**YOUR GOAL**
Give back exactly the lines starting at the one with "この外気温が猛暑が続く中、へ" and ending at the last line of the data below. Pictures are not part of the copy.

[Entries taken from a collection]
'''

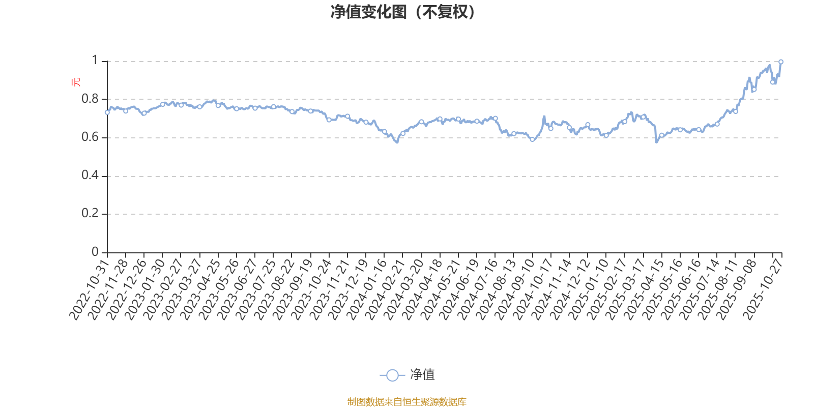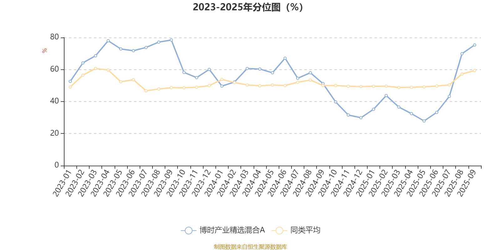 通过所选区间该基金净值增长率分位图,可以观察该基金与同类基金业绩比较情况。图为坐标原点到区间内某时点的净值增长率在同类基金中的分位数。
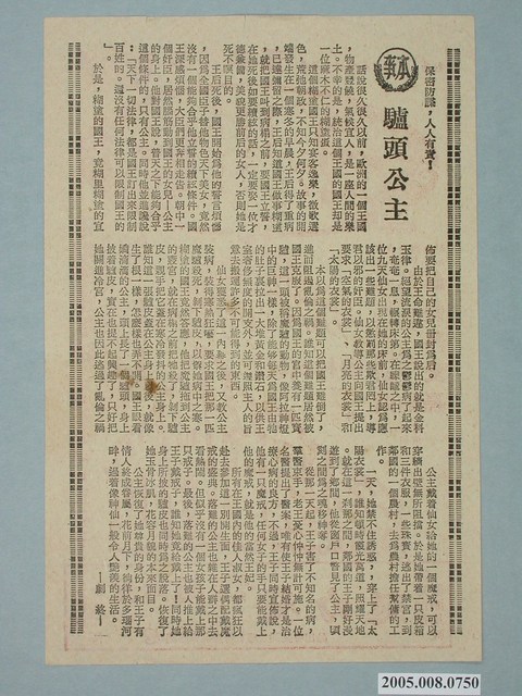 電影廣告單《世界的邊緣》直幅單張一面黑色印刷、一面紅色印刷,外觀保存良好。 一面是「驢頭公主」本事傳。一面是《世界的邊緣》電影宣傳海報。 《世界的邊緣》(The Light at the Edge of the World (1971))。一個無情的海盜捕獲了阿根廷最南部城市的燈塔守護者。他的目標明顯且可怕。他計劃控制燈塔的信號,使過往的船隻在岩石上被擊碎。
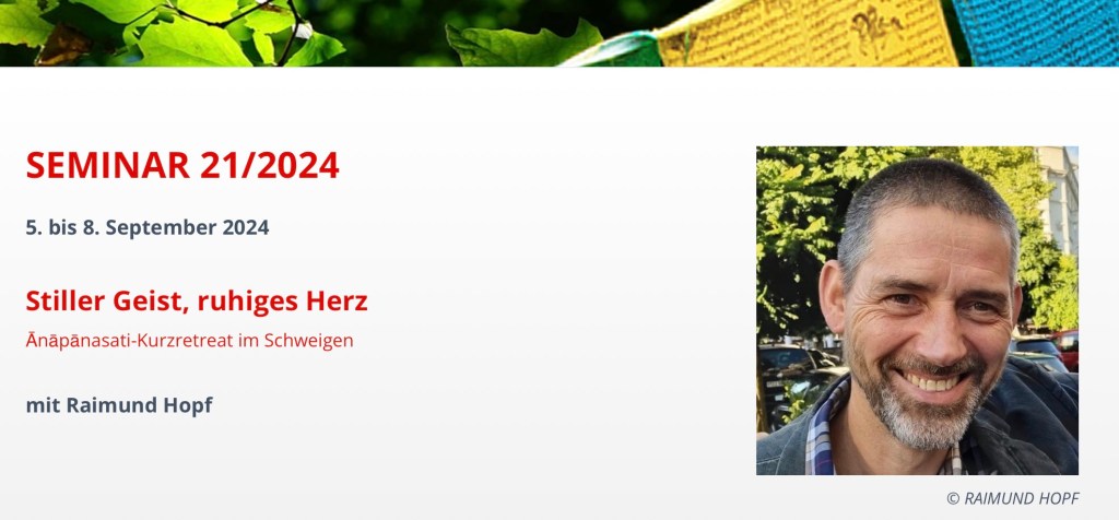Vom 2. bis 12. Oktober findet in Basthorst, in der Nähe Hamburgs, ein 10-Tage-Vipassanā-Retreat auf der Grundlage der Satipaṭṭhāna Sutta statt. Es wird von dem sehr erfahrenen Meditationslehrer Raimund Hopf geleitet.
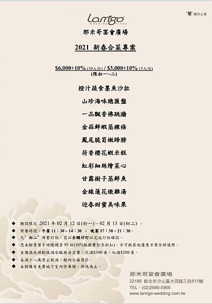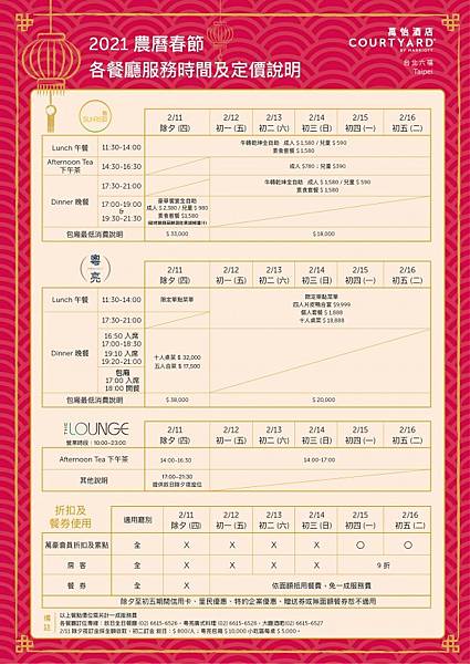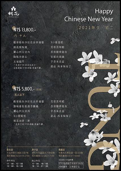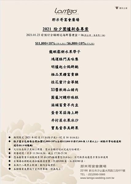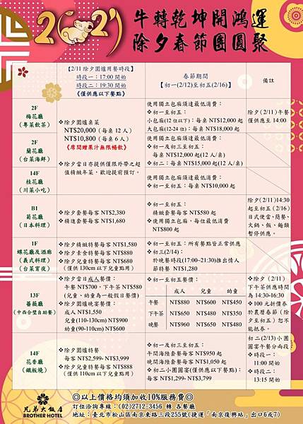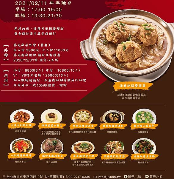 入席時間:2021/2/11(四) 17:10~19:00。每年3/1早上9時開放電話訂位翌年除夕用餐。
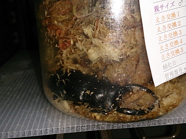 この外気温が猛暑が続く中、へんに活動スイッチが入らないようにけっこうな低温で休眠させていますが、他のクワガタ同様に外気温や季節感を感じてしまってるかもしれませんね。。
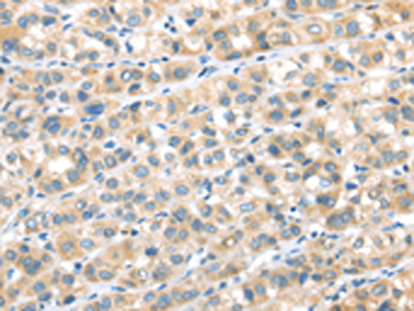 The image is immunohistochemistry of paraffin-embedded Human esophagus cancer tissue using P05226(RIPK4 Antibody) at dilution 1/40. (Original magnification: ×200) |
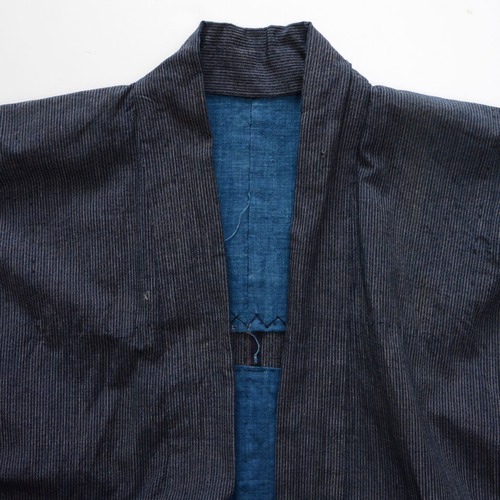 表地に藍染の縞模様、裏地に深い藍無地の生地を合わせた古い野良着です。
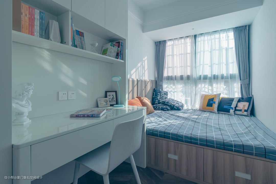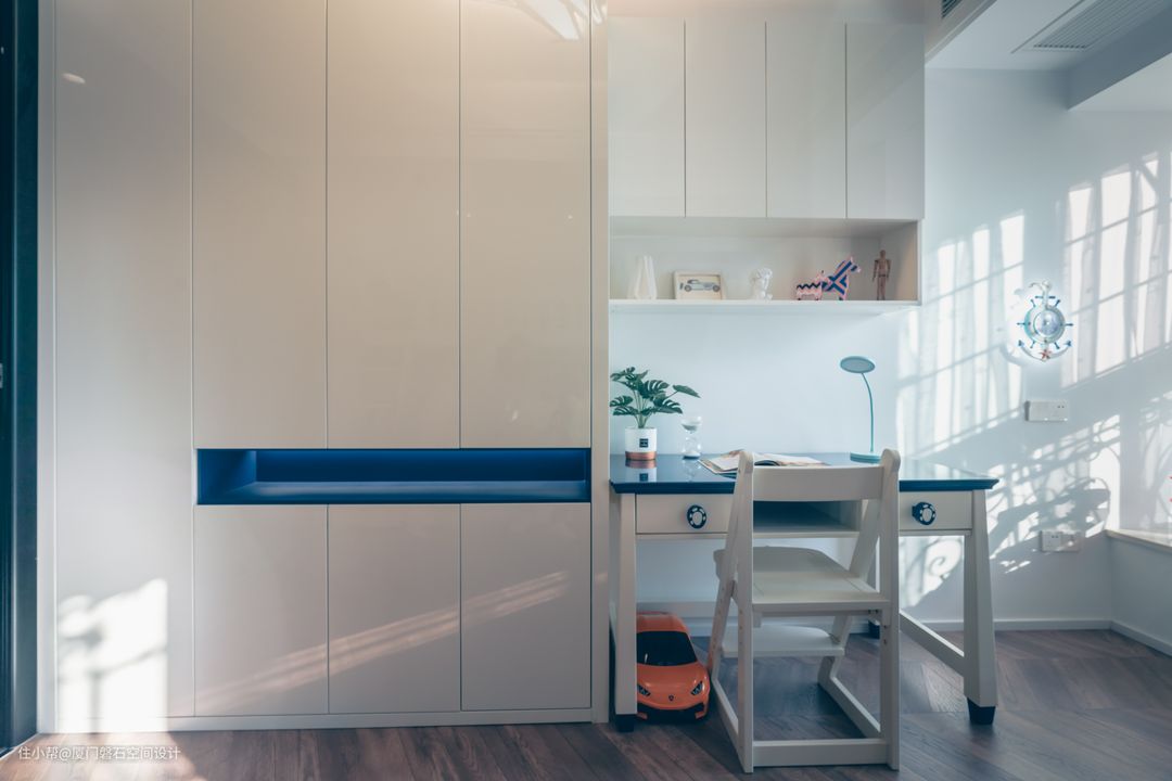 衣柜和书柜同样是这个房间的标配,但它和儿童房不同的是,色彩上少了一抹蓝,虽少了一分活泼却多了一份沉稳和安静。
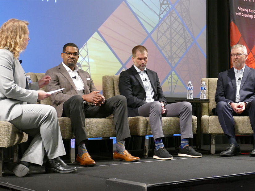 SPP director Irene Dimitry moderates a panel featuring (left to right) SPP's Antoine Lucas, PJM's Adam Keech and ERCOT's Woody Rickerson. | © RTO Insider LLC
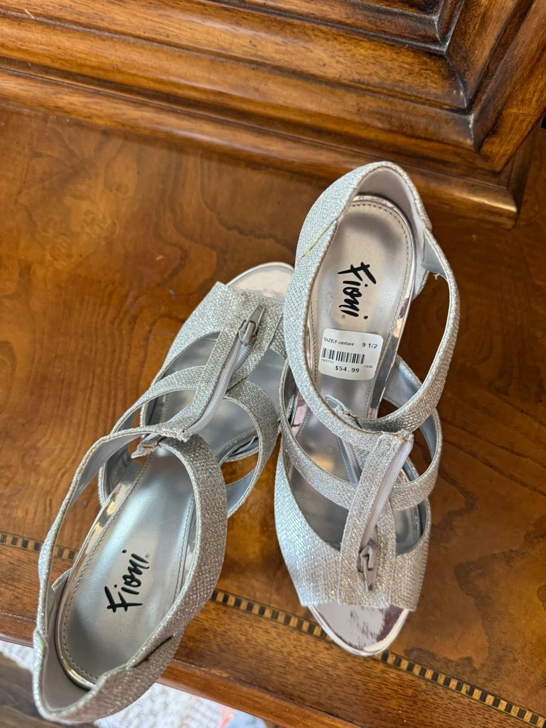 Sparkly Fioni heels with a silver glitter finish. These open-toe sandals feature a zip-up front and a metallic heel. Size is 9 1/2.
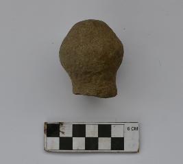 Handle of Grinder Holder of Grinder. It is in the shape of tip of phallus. Chisel mark can be seen in the surface. Lower part is missing.
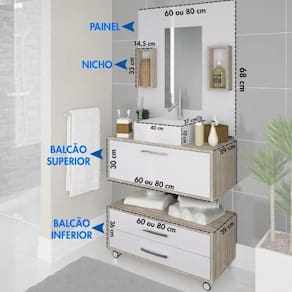 - Balcão superior: 30cm altura / 80cm comprimento / 39cm profundidade
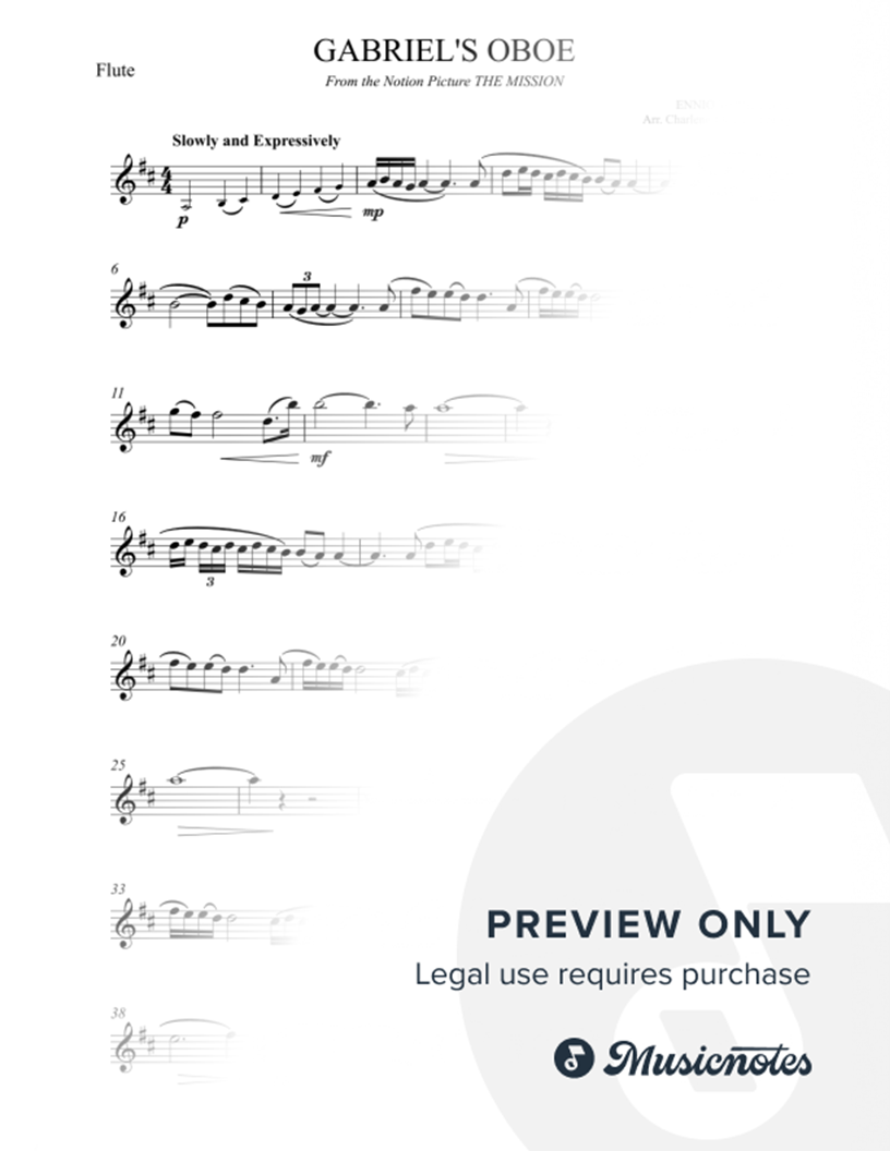 Gabriel's Oboe - Morricone - Flute - Original Key |
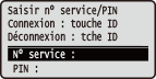 Si la gestion d'ID de service est activée ou si les ID d'administrateur système sont activés, vous devez vous connecter avant d'utiliser l'appareil. Lorsque l'écran de connexion s'affiche, utilisez la procédure ci-dessous pour saisir l'ID de service et le PIN.

'''

**FINAL ANSWER**
 この外気温が猛暑が続く中、へんに活動スイッチが入らないようにけっこうな低温で休眠させていますが、他のクワガタ同様に外気温や季節感を感じてしまってるかもしれませんね。。
 The image is immunohistochemistry of paraffin-embedded Human esophagus cancer tissue using P05226(RIPK4 Antibody) at dilution 1/40. (Original magnification: ×200) |
 表地に藍染の縞模様、裏地に深い藍無地の生地を合わせた古い野良着です。
 衣柜和书柜同样是这个房间的标配,但它和儿童房不同的是,色彩上少了一抹蓝,虽少了一分活泼却多了一份沉稳和安静。
 SPP director Irene Dimitry moderates a panel featuring (left to right) SPP's Antoine Lucas, PJM's Adam Keech and ERCOT's Woody Rickerson. | © RTO Insider LLC
 Sparkly Fioni heels with a silver glitter finish. These open-toe sandals feature a zip-up front and a metallic heel. Size is 9 1/2.
 Handle of Grinder Holder of Grinder. It is in the shape of tip of phallus. Chisel mark can be seen in the surface. Lower part is missing.
 - Balcão superior: 30cm altura / 80cm comprimento / 39cm profundidade
 Gabriel's Oboe - Morricone - Flute - Original Key |
 Si la gestion d'ID de service est activée ou si les ID d'administrateur système sont activés, vous devez vous connecter avant d'utiliser l'appareil. Lorsque l'écran de connexion s'affiche, utilisez la procédure ci-dessous pour saisir l'ID de service et le PIN.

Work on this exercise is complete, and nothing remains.